À contretemps, donc ?

Exactement. L’état d’esprit des Français a changé. D’abord parce qu’ils sont lassés de traverser ces hauts et ces bas provoqués par les différentes vagues de l’épidémie ; ils sont devenus moins tolérants à la contrainte. Et puis, deuxième raison, le discours du monde médical a commencé à changer. C’est le professeur Fontanet, membre du Conseil scientifique, qui affirme que « le scénario du pire s’éloigne, que la décrue a commencé, que le pic des infections est passé ». C’est le professeur Fischer, le président du Conseil d’Orientation de la stratégie vaccinale (un titre pompeux pour dire qu’il est le « M. vaccin » du gouvernement), qui annonce que nous avons « devant nous une période de calme ». C’est Pfizer qui met sur le marché dès fin janvier non plus un vaccin, mais un traitement contre le Covid, ce qui fait dire à son Directeur général, Albert Bourla, que « nous allons bientôt reprendre une vie normale ». Je ne voudrais pas verser dans l’euphorie… mais tout de même, c’est difficile de prétendre que rien n’a changé.
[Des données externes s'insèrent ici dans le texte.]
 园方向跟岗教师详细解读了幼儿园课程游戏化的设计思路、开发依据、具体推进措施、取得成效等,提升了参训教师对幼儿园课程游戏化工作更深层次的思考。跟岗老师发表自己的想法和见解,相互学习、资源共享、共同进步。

Moins de tolérance de la part des Français, moins de risques selon les scientifiques et les médecins, est-ce que ça veut dire qu’on peut parier sur une levée des contraintes assez rapidement ?
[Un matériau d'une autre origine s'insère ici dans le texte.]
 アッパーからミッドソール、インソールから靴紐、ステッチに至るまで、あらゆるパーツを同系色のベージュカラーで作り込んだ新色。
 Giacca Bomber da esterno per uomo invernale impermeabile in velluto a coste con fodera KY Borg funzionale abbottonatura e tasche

On devrait, mais on ne le fera probablement pas. A cause de la contradiction fondamentale qu’il y aurait entre un allègement de contraintes au moment où se met effectivement, concrètement, en place un pass vaccinal vécu comme une entorse aux libertés. Et ce problème de cohérence de l’action publique, on le retrouve par exemple dans la gestion du port du masque : un préfet l’impose dans la rue à certains endroits, un tribunal l’annule, un préfet l’impose à nouveau, mais partiellement. Difficile de suivre.
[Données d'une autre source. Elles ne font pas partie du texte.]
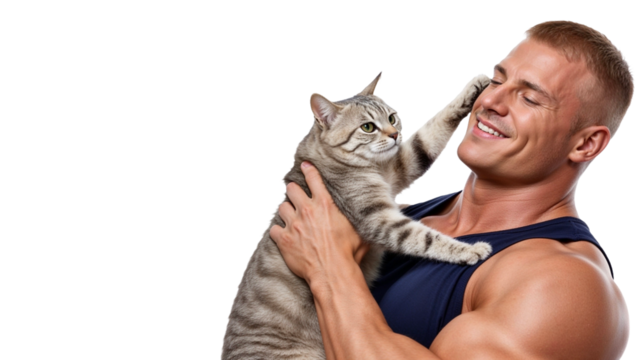 Photorealistic Portrait of Muscular Man and Cat Interaction png

Et naturellement, tout ça se traduit concrètement en politique. Plusieurs sondages montrent un net recul de la cote de confiance d’Emmanuel Macron qui retombe à son plus bas niveau depuis plus d’un an ; même chute de l’indice de confiance envers le gouvernement dans sa gestion de l’épidémie, et aussi dans l’adhésion à une éventuelle vaccination obligatoire. C’est toute la difficulté que doit maintenant gérer le chef de l’Etat : comment maintenir un haut niveau d’exigence et de contrainte dans la lutte contre le virus, et en même temps commencer à intégrer que la menace s’éloigne ? Autrement dit, comment éviter de passer insensiblement du statut de Président protecteur à celui de Président gêneur ? Comment éviter que celui qui veut « emmerder » les non-vaccinés devienne peu à peu celui qui l’est pour tous les autres Français, ceux qui veulent le plus vite possible recouvrer leur liberté ? Jusqu’à présent, on admettait généralement que la gestion de la crise sanitaire donnait un avantage politique à Emmanuel Macron et rendait le reste de la campagne électorale inaudible. On se rapproche de l’élection présidentielle, et cette évidence-là a peut-être déjà commencé à changer.